The idea here is that list is a lambda that hides the long template type. It’s a generic lambda (C++14) and its closure object operator() takes a variadic template argument. We can still pass in a function to work on the template – in this case length – and once again, len is known at compile time (tuple_size has been replaced with sizeof...). Compiling with -O2 gives identical code (although the lambda returned by list looks like it captures, everything gets computed at compile time), but look at the time taken:

$ time g++ -std=c++1y -g -O2 -c main.cpp -o tmp.o
 
real	0m0.325s
user	0m0.296s
sys	0m0.024s

It’s 5x faster! The lambda hid the template, truncating the internal type name, so the compiler didn’t have to deal with manipulating such long strings. That’s “the lambda trick” in a nutshell.
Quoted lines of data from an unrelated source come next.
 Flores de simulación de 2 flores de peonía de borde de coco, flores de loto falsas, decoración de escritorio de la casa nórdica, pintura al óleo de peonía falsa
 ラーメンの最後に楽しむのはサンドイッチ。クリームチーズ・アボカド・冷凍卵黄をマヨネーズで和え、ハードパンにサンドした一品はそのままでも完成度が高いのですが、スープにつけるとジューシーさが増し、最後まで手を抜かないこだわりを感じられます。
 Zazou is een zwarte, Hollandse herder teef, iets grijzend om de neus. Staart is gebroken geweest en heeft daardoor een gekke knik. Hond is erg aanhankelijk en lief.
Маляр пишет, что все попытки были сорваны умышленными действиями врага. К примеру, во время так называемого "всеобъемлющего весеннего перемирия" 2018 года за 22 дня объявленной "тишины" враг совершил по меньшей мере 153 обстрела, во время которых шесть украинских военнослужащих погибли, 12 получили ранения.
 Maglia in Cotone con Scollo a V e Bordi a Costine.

“In-place” might be less in-place than you think

Tuesday, May 5th, 2015

The intuitive view of algorithms that work in-place is that (it sounds obvious) they don’t use any extra space. Canonically in C/C++ we think of something like reversing an array, or that interview staple, removing spaces from an ASCII string, which we might write as:

int remove_spaces(char *s)
{
  char *readptr = s;
  char *writeptr = s;
  while (*readptr)
  {
    if (!isspace(*readptr))
    {
      *writeptr++ = *readptr++;
    }
    else
    {
      ++readptr;
    }
  }
  *writeptr = 0;
  return writeptr - s;
}

But “in-place” has a technical definition that is actually more relaxed than using no extra space, because this intuitive sense is too limiting under a formal analysis. As Wikipedia says:

In computational complexity theory, in-place algorithms include all algorithms with O(1) space complexity, the class DSPACE(1). This class is very limited; it equals the regular languages.[1] In fact, it does not even include any of the examples listed above.

For this reason, we also consider algorithms in L, the class of problems requiring O(log n) additional space, to be in-place.
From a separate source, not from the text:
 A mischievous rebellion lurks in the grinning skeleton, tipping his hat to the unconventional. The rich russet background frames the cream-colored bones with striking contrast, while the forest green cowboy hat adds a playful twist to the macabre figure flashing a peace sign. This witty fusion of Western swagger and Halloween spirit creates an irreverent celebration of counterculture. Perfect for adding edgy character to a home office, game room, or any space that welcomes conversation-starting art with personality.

And in the recent book From Mathematics to Generic Programming by Alexander Stepanov (original author of the STL) and Daniel Rose, page 215 offers the definition:

An algorithm is in-place (also called polylog space) if for an input of length n it uses O((log n)k) additional space, where k is a constant.

(I highly recommend the book, by the way.) If you’re only used to thinking about “in-place” intuitively, you could probably be persuaded that using constant extra space is admissible – after all, one probably has to use a few stack variables – but I think the idea that an algorithm is entitled to call itself “in-place” if it uses logarithmic extra space might be surprising. But that’s the technical definition; an author is entitled to call his or her algorithm “in-place” even though it uses O(log n) extra space (and includes the requirement to allocate that space).